Or, perhaps you’ve encountered them
dressed in Mardi Gras hues, complete with
feathers and primitive features, glued
to magnets and grinning from the refrigerator
door as a little memento of a visit to
New Orleans.
But is this all that’s behind the
mystique and seduction of these popular
little creatures? Mostly harmless and
merely decorative?
Creating little effigies and figures in
the form of human beings, gods, animals,
etc., is as old as the history of mankind.
Some of the earliest surviving forms of
cultural art (the art created to entertain
the masses, kind of like our arts and
crafts of today) were little effigies
of people involved in day-to-day activities:
water bearers with buckets, farmers with
pitchforks, etc.

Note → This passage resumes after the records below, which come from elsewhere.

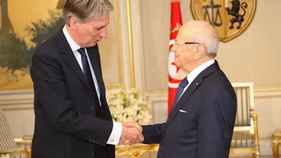جدد وزير الخارجية البريطاني فيليب هاموند اليوم الجمعة تأكيد تضامن بلاده مع تونس إثر العملية الإرهابية, وفقا لبيان صادر عن الرئاسة التونسية. وذكرت وكالة تونس افريقيا للانباء (وات) ان هاموند اكد في تصريح صحفي اثر استقباله اليوم من قبل الرئيس التونسي الباجي قايد السبسي, "الإرادة القوية للحكومة البريطانية لمرافقة تونس في كسب الرهانات الأمنية ومساندة جهودها في إنجاح البرامج الإقتصادية والإصلاحات الجوهرية الكفيلة بإعادة النمو للإقتصاد وخلق فرص عمل". ذكر ان فيليب هاموند يودى اليوم زيارة عمل الى تونس تندرج فى اطار تعزيز اواصر الصداقة والتعاون بين البلدين.
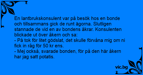 En lantbrukskonsulent var på besök hos en bonde och tillsammans gick de runt ägorna. Slutligen stannade de vid en av bondens åkrar. Konsulenten blickade ut över åkern och sa:
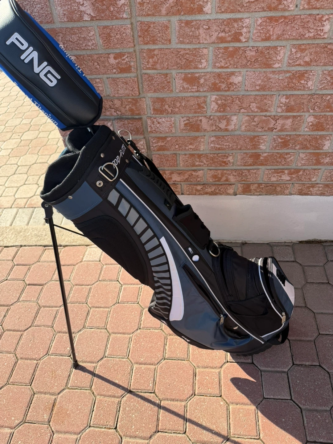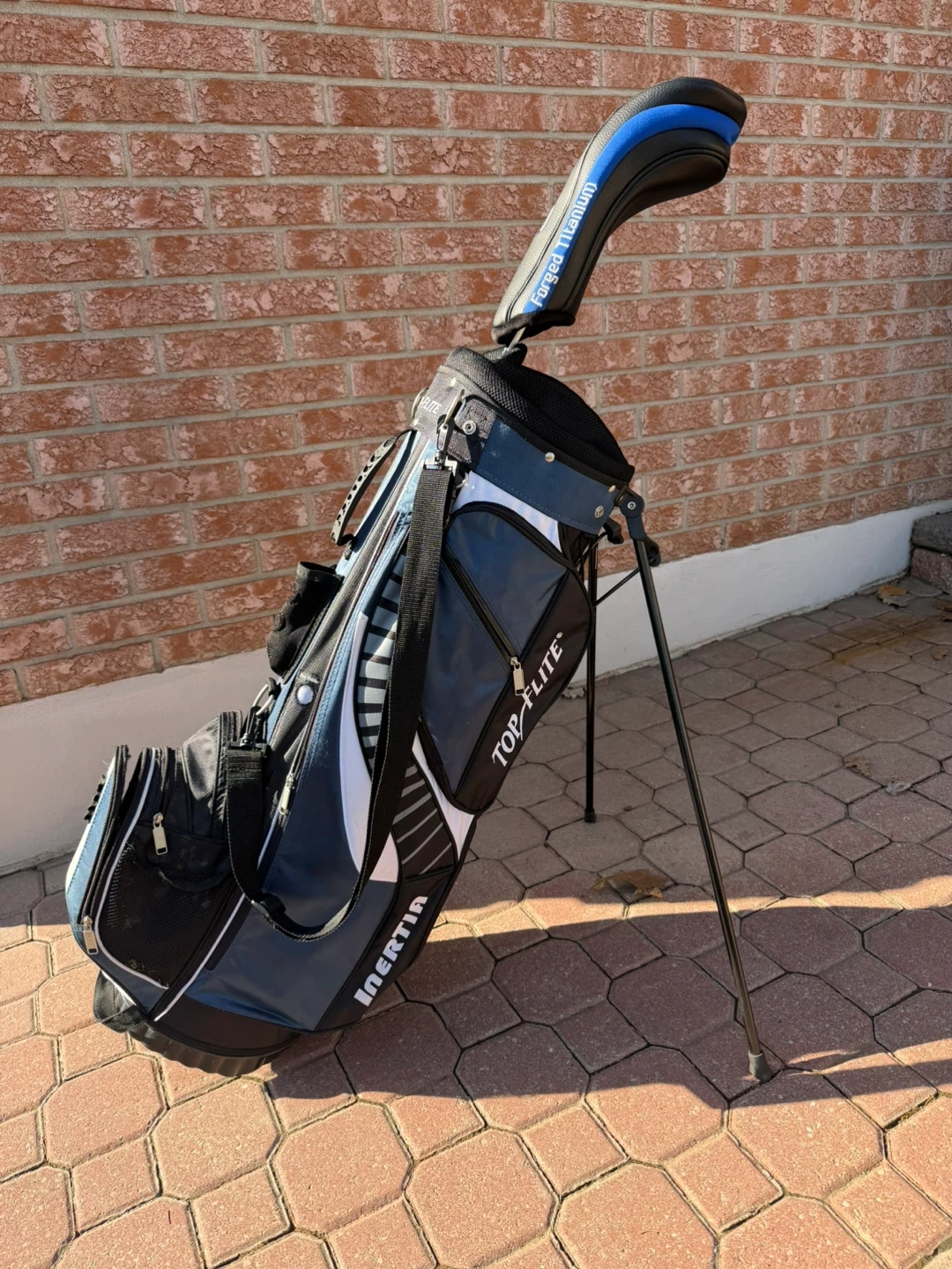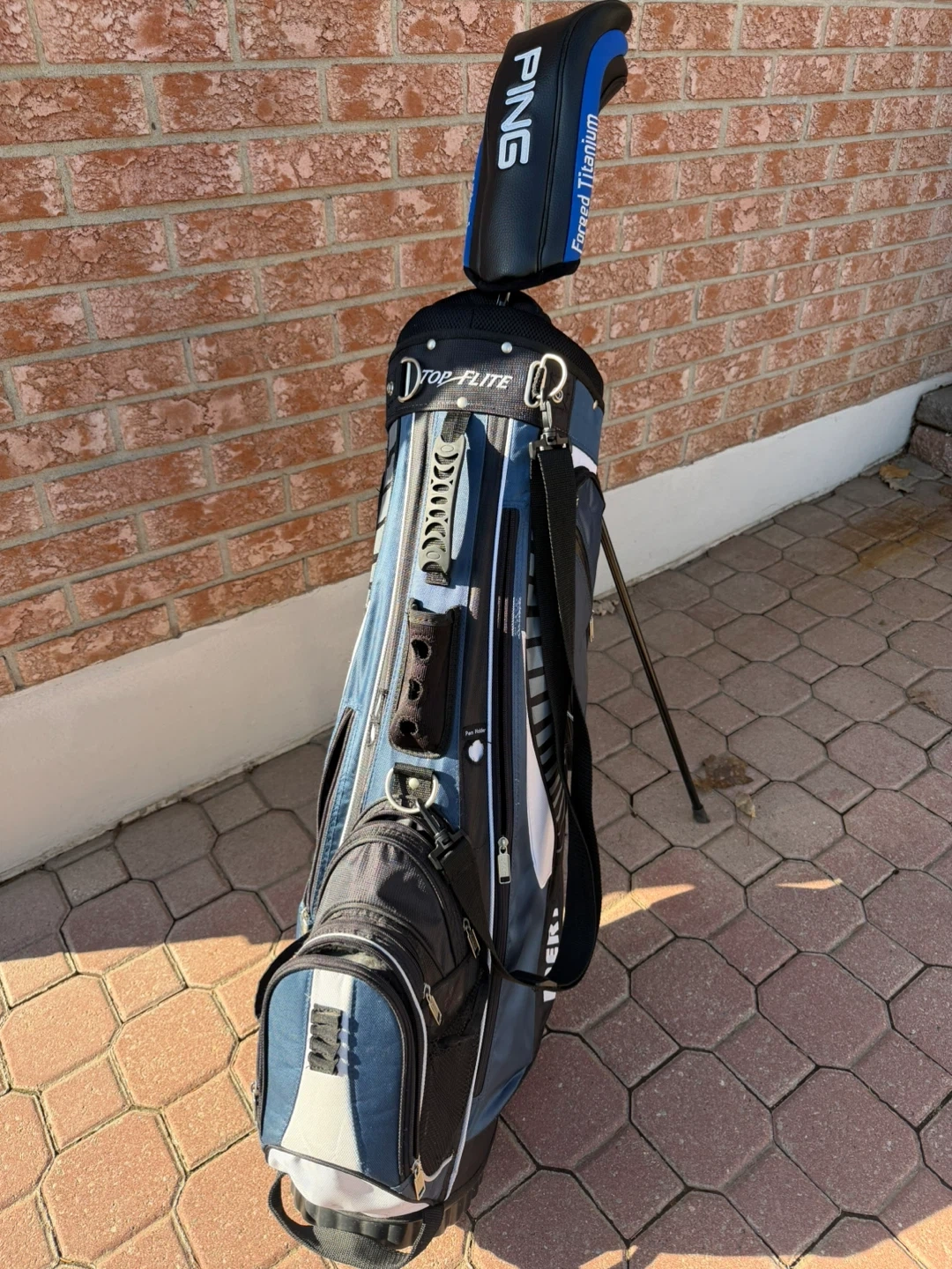 This Top Flite Inertia stand golf bag is blue and black. It features multiple pockets and a stand. It's designed for easy transport and organization on the course. Also comes with free ping driver

Many of these were probably
children’s playthings, but others
were created for more empiric purposes
such as the adornment of personal altars
or to accompany soldiers in battle as
tiny memorials of dead cohorts or mementos
of living family members.
But perhaps as long as the craft of creating
these positive, reinforcing effigies has
been around, a darker side has existed
and a darker, more malevolent use has
been found for them.
Enter the poppet. Not just a children’s
doll, the poppet, in the European tradition,
was truly the first “multi-task”
toy.
Buckland defines a poppet as, “A
figure made to represent a person…used
in magical ritual. Made of cloth, wax,
clay, or any other substance, it may or
may not look exactly like the person it
represents.” He goes on to state
that cloth poppets have “always
been popular in magic, especially for
healing purposes.” The type of magic
he is referring to is, of course, sympathetic
magic, and in this regard the poppet would
be created in a sort of gingerbread man
format and is stuffed with healing herbs
appropriate to combat the illness or malaise
affecting the person it is intended to
help. Often slivers of fingernail or hair
from the individual will be added and
the poppet will then be consecrated as
the living counterpart of the person in
need of healing. The practitioner will
then utter the consecrating spell, “Creature
of cloth, thou art (name), and all that
I do unto thee be done unto (name),”
or something similar.
It is a fact in human relationships that
everybody doesn’t always get along,
and this may have been a particularly
poignant reality of daily life in ancient
times when just surviving was next to
impossible. This feeling of desperation,
often coupled with a feeling of helplessness,
and further exacerbated by frequent, deplorable
victimization at the hands of more powerful
tribes or individuals, led to the realization
among our distant ancestors that, “Hey,
life can suck sometimes!”
These harsh realities led early mankind
to rely on groups of more powerful and
wise individuals to explain the sometimes
glaring inconsistencies of human life.
These individuals might be anything from
priests and shamans, to midwives and apothecaries,
but all had in common the same thing:
knowledge of the mysterious, intricate
workings of the unseen side of the natural
world. And not all confined their craft
to healing and helping. From the very
beginning there were those who were perfectly
willing to facilitate injury and revenge;
or who were, at the very least, willing
to show one how to bring about these things
on one’s own behalf. To say they
taught by example is an understatement.
According to Buckland, “As early
as 1100 BCE, a treasury official and the
women of the harem of Pharaoh Ramses II
worked together to make a wax image of
the Pharaoh to bring about his death.”
From this account, its obvious to see
that the sympathetic connection for evil
as well as for good was almost instantaneous
in the minds of people inclined to use
such methods.
Poppets appear throughout the history
of European paganism and witchcraft and
on more than one occasion the magical
connection apparently worked quite well.
Historical chronicles are full of accounts
of people becoming injured or ill as a
result of malevolent magic taken out on
a poppet consecrated for the purpose of
harm. Still others have apparently died,
though whether as a result of injuries
to the poppet or simple fright at the
knowledge that black magic was being worked
against them can’t be determined.
What this serves to illustrate, though,
is the potent link that exists in the
human psyche connecting poppets, or dolls,
with harm. The fact that the use of poppets
and dolls is so widespread also indicates
that no culture is immune to this shared
memory. Even among the most insular cultures,
the use of poppets or dolls for magic
is well known. For example, the Gypsies
create their straw fetish dolls in a similar
traditional way, and these are known to
be used for “good” as well
as evil magic.
Poppets figured in many witchcraft cases
over the centuries and ultimately European
traditions carried over into the New World
where Puritan ideals served to forever
associate the poppet with malicious intent.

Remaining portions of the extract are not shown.